◆ **Source material**
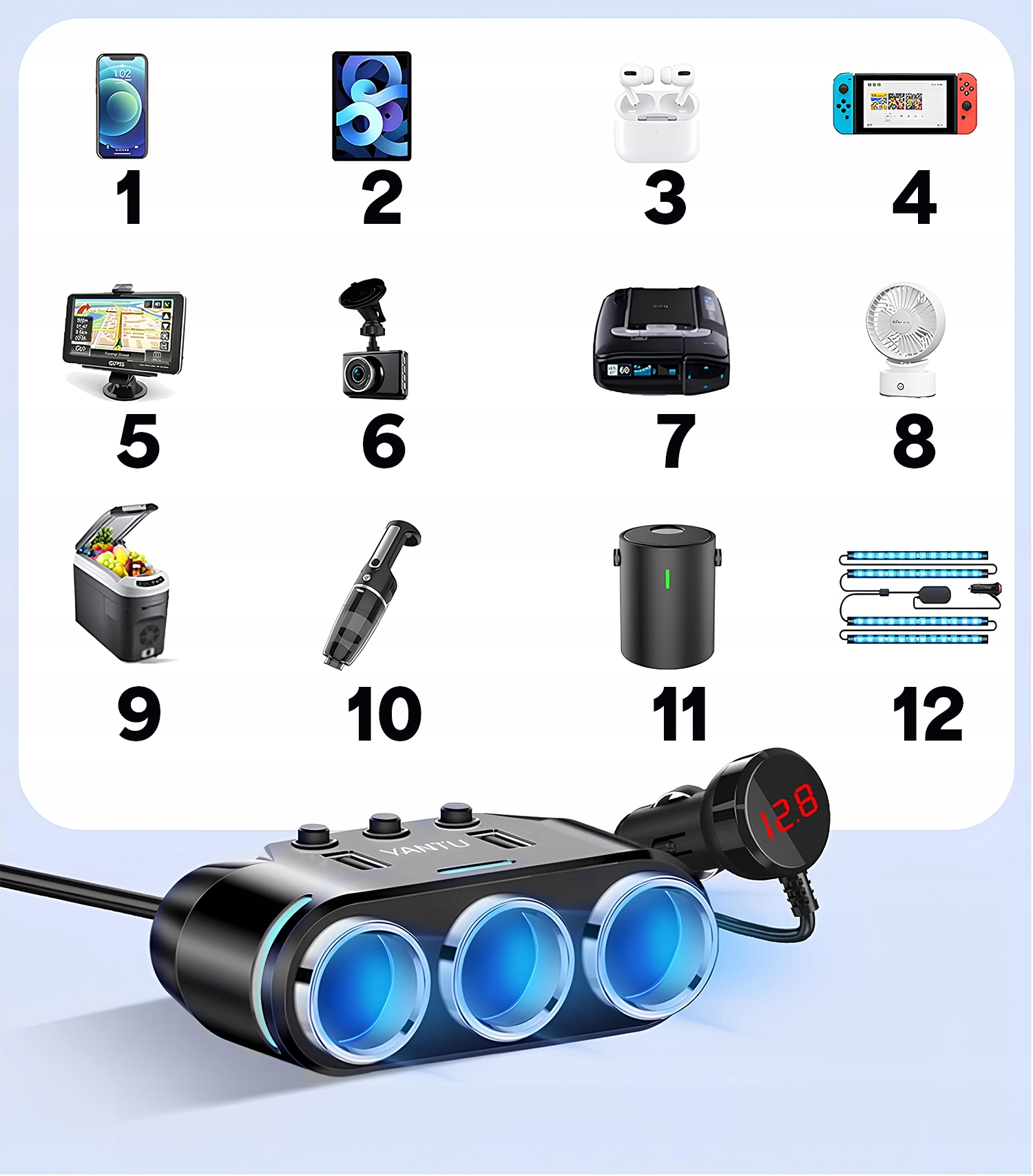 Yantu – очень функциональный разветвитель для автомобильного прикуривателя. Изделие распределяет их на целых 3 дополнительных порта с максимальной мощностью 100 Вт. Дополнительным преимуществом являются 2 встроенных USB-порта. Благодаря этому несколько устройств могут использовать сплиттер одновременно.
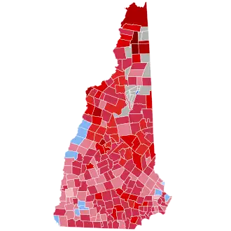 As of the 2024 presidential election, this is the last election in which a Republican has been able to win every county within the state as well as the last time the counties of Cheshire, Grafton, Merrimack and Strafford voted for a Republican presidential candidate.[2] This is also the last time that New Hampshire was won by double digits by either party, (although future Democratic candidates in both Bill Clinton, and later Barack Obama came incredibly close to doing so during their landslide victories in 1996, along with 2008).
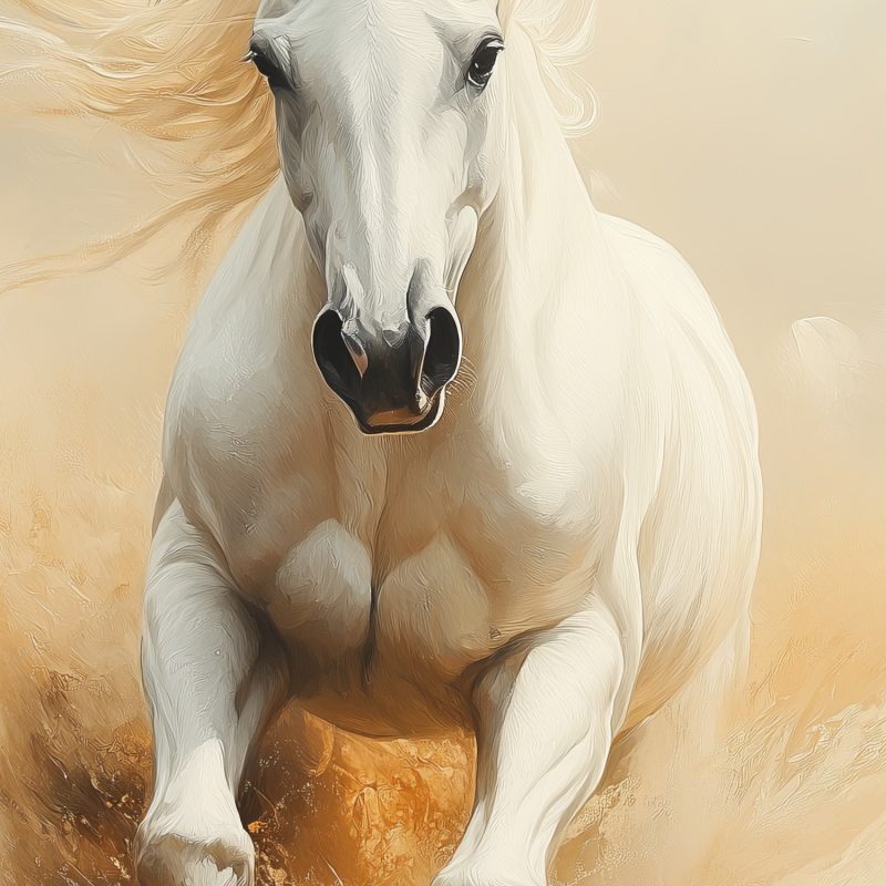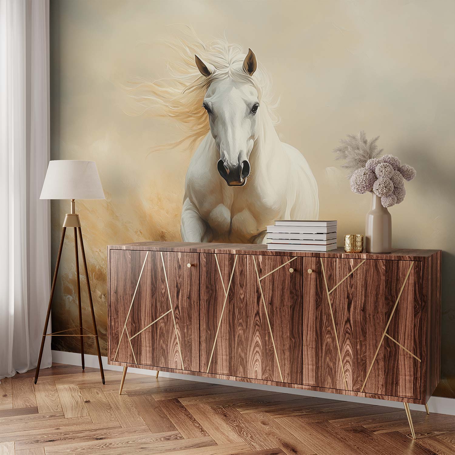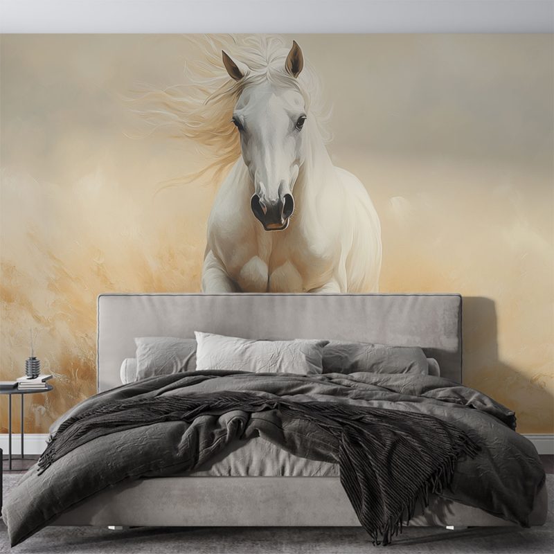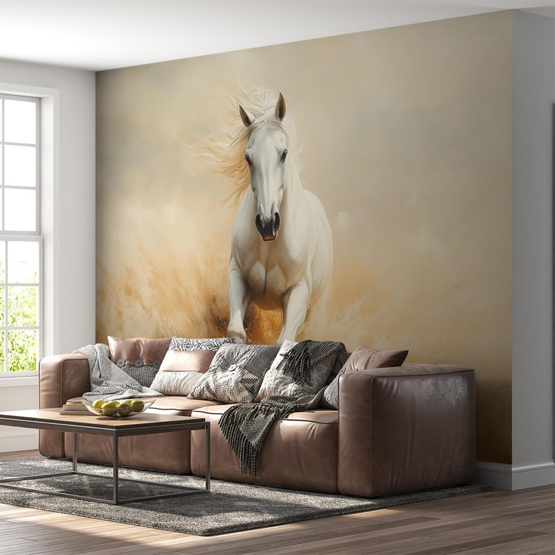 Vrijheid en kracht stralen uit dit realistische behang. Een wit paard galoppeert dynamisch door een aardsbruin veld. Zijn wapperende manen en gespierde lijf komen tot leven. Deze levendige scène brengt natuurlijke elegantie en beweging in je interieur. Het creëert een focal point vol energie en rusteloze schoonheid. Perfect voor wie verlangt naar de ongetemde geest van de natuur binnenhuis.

◆ **The task**
Exactly as written, return each line above and leave the pictures behind.

◆ **Solution for this exercise**
 Yantu – очень функциональный разветвитель для автомобильного прикуривателя. Изделие распределяет их на целых 3 дополнительных порта с максимальной мощностью 100 Вт. Дополнительным преимуществом являются 2 встроенных USB-порта. Благодаря этому несколько устройств могут использовать сплиттер одновременно.
 As of the 2024 presidential election, this is the last election in which a Republican has been able to win every county within the state as well as the last time the counties of Cheshire, Grafton, Merrimack and Strafford voted for a Republican presidential candidate.[2] This is also the last time that New Hampshire was won by double digits by either party, (although future Democratic candidates in both Bill Clinton, and later Barack Obama came incredibly close to doing so during their landslide victories in 1996, along with 2008).
 Vrijheid en kracht stralen uit dit realistische behang. Een wit paard galoppeert dynamisch door een aardsbruin veld. Zijn wapperende manen en gespierde lijf komen tot leven. Deze levendige scène brengt natuurlijke elegantie en beweging in je interieur. Het creëert een focal point vol energie en rusteloze schoonheid. Perfect voor wie verlangt naar de ongetemde geest van de natuur binnenhuis.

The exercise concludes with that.